The bank was apparently a mere agent and not a trustee. It had no active duties to perform. It neither negotiated the sale of the property, paid taxes, nor did more than execute a conveyance, pursuant to the contract of sale, which the committee had arranged, and then receive the proceeds for the purpose of distributing them to the subscribers. In other words, the bank was nothing but the apparent holder of title and, under the New York Real Property Law (Consol.Laws, c. 50), §§ 91, 92, 93, 95, and 96, a passive and not an active trustee. The arrangement between the subscribers and the committee and the bank did not create one of the “express trusts” provided for under section 96, supra. Section 93 provides that:

“Every disposition of real property, whether by deed or by devise, shall be made directly to the person in whom the right to the possession and profits is intended to be vested, and not to another to the use of, or in trust for, such person; and if made to any person to the use of, or in trust for another, no estate or interest, legal or. equitable, vests in the trustee. But neither this section nor the preceding sections of this article shall extend to the trusts arising, or resulting by implication of law, nor prevent or affect the creation of such express trusts as are authorized and defined in this chapter.”
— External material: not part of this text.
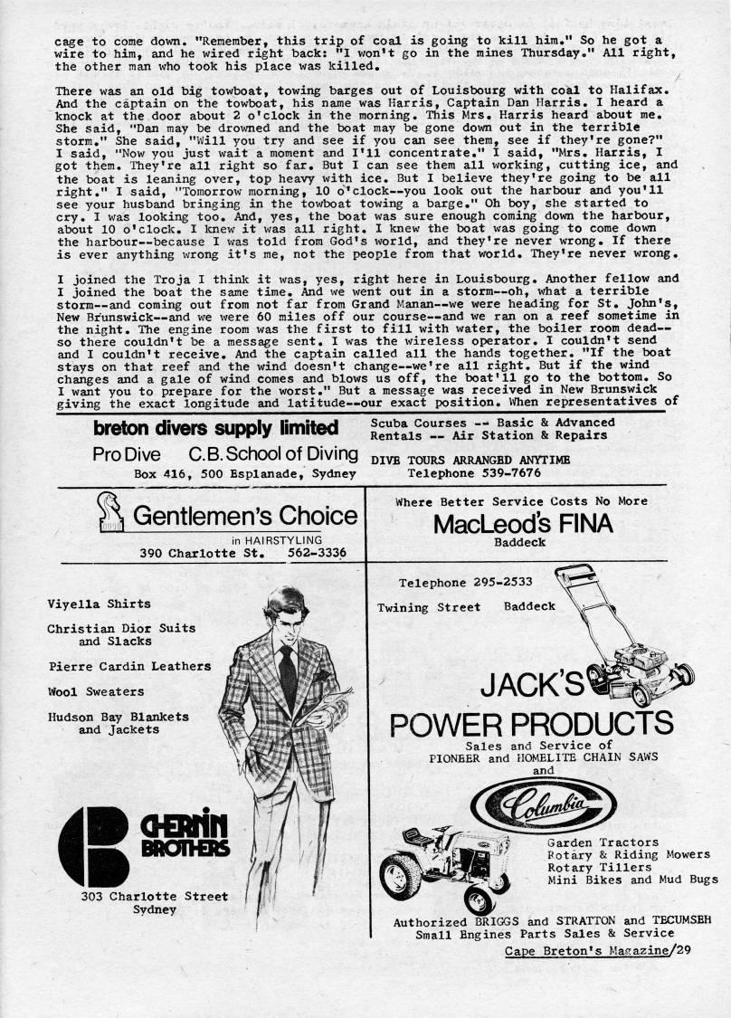 Published by Ronald Caplan on 1974/6/1 (582 reads)cage to come down. "Remember, this trip of coal is going to kill him," So he got a wire to him, and he wired right back: "I v/on't go in the mines Thursday," All right, the other man who took his place was killed. There was an old big towboat, towing barges out of Louisbourg with coal to Halifax. And the captain on the towboat, his name was Harris, Captain Dan Harris. I heard a knock at the door about 2 o'clock in the morning. This Mrs, Karris heard about me. She said, "Dan may be drowned and the boat may be gone dovm. out in the terrible storm," She said, "VJill you try and see if you can see them, see if they're gone?" I said, "Now you just wait a moment and I'll concentrate," I said, "Mrs, Harris, I got them. They're all right so far. But I can see them all working, cutting ice, and the boat is leaning over, top heavy with ice. But I believe they're going to be all right." I said, "Tomorrow morning, 10 o'clock • you look out the harbour and you'll see your husband bringing in the towboat towing a barge," Oh boy, she started to cry. I was looking too. And, yes, the boat was sure enough coming down the harbour, about 10 o'clock. I knew it was all right. I knew the boat was going to come down the harbour • because I was told from God's world, and they're never wrong. If there is ever anything wrong it's me, not the people from that world. They're never wrong, I joined the Troja I think it was, yes, right here in Louisbourg. Another fellow and I joined the boat the same time. And we went out in a storm • oh, what a terrible storm • and coming out from not far from Grand Manan • we were heading for St, John's, New Brunswick • and we were 60 miles off our course • and we ran on a reef sometime in the night. The engine room was the first to fill with water, the boiler room dead • so there couldn't be a message sent. I was the wireless operator. I couldn't send and I couldn't receive. And the captain called all the hands together. "If the boat stays on that reef and the wind doesn't change • we're all right. But if the wind changes and a gale of wind comes and blows us off, the boat'11 go to the bottom. So I want you to prepare for the worst," But a message was received in New Brunswick giving the exact longitude and latitude • our exact position. When representatives of breton divers supply limited Scuba Courses • ' Basic & Advanced Rentals • Air Station & Repairs Pro Dive C. B. School of Diving 'ivb tours arranged anwime Box 416, 500 Esplanade, Sydney Telephone 539-7676 ??>i Gentlemen's Choice in HAIRSTYLING 390 Charlotte St. 562-3336 Viyella Shirts Christian Dior Suits and Slacks Pierre Cardin Leathers Wool Sweaters Hudson Bay Blankets and Jackets Where Better Service Costs No More IVIacLeod's FINA Baddeck Telephone 295-2533 Twining Street Baddeck JACK'S' POWER PRODUCTS Sales and Service of PIONEER and HOMELITE CHAIN SAWS and 303 Charlotte Street Sydney Garden Tractors Potary & Riding Mowers Rotary Tillers Mini Bikes and Mud Bugs Authorized BRIGGS and STRATTON and TECUMSEH Small Engines Parts Sales & Service Cape Breton's Maga2ine/29

It seems clear that under the New York law neither the deed to McArdle, nor the deed to the bank, conveyed a legal title to the original or ultimate fiduciary, but only gave rise to a so-called passive trust whereby the title became at once vested in the subscribers who owned the beneficial interest. Jacoby v. Jacoby, 188 N.Y. 124, 80 N.E. 676; Stoddard v. Eaton, 22 F.(2d) 184 (D.C.Conn.); Pugh v. Commissioner (C.C.A.) 49 F.(2d) 76, affirming 17 B.T.A. 429. The bank was not a fiduciary as defined by section 701 (a) (5) of the Revenue Act 1928, 45 Stat. 878 (26 U.S.C.A. § 1696 and note), and Regulations, art. 1321.
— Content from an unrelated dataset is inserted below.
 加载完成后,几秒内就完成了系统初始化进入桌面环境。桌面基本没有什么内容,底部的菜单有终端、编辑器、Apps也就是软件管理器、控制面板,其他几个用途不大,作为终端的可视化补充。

Even though the bank was a “fiduciary” within the meaning of the act, the gain realized from the sale was income belonging to the subscribers and not “income accumulated in trust for the benefit of unborn or unascertained persons or persons with contingent interests,” which should be assessed against the fiduciary under section 161 of the Revenue Act 1928 (26 U.S.C.A. § 161 and note). The project to erect a Community House was abandoned prior to the sale, and the proceeds were distributable to the subscribers or their representatives. There is not the slightest proof that those persons were uncertain. Indeed, they seemed to be fully identified, and, if not, their identification did not depend on any future contingency but only on the application of legal principles to existing facts. DeBrabant v. Commissioner (C.C.A.) 90 F.(2d) 433. The action brought in the state court to obtain a decree settling the accounts of the bank and ordering distribution was merely a convenient mode of administering the fund, which did not depend on the existence of contingent interests or of unascertained persons. Our recent decision in DeBrabant v. Commissioner, 90 F.(2d) 433, is decisive of the correctness of the bank’s contention that the gain realized was taxable against the subscribers or their representatives, and not against it.

In any event, the conveyance, if creating a trust, effected a trust that was revocable and one under which the income ought to be included in returns of the subscribers. Under sections 166 and 167 of the Revenue Act 1928 (26 U.S.C.A. §§ 166 note, 167 note), the tax upon such income was assessable' against them and not against the bank as fiduciary.

Inasmuch as the bank was not taxable as a fiduciary, the judgment is reversed, with direction to enter judgment for the plaintiff for $14,648.77 and interest. The appellant is entitled to costs in this court.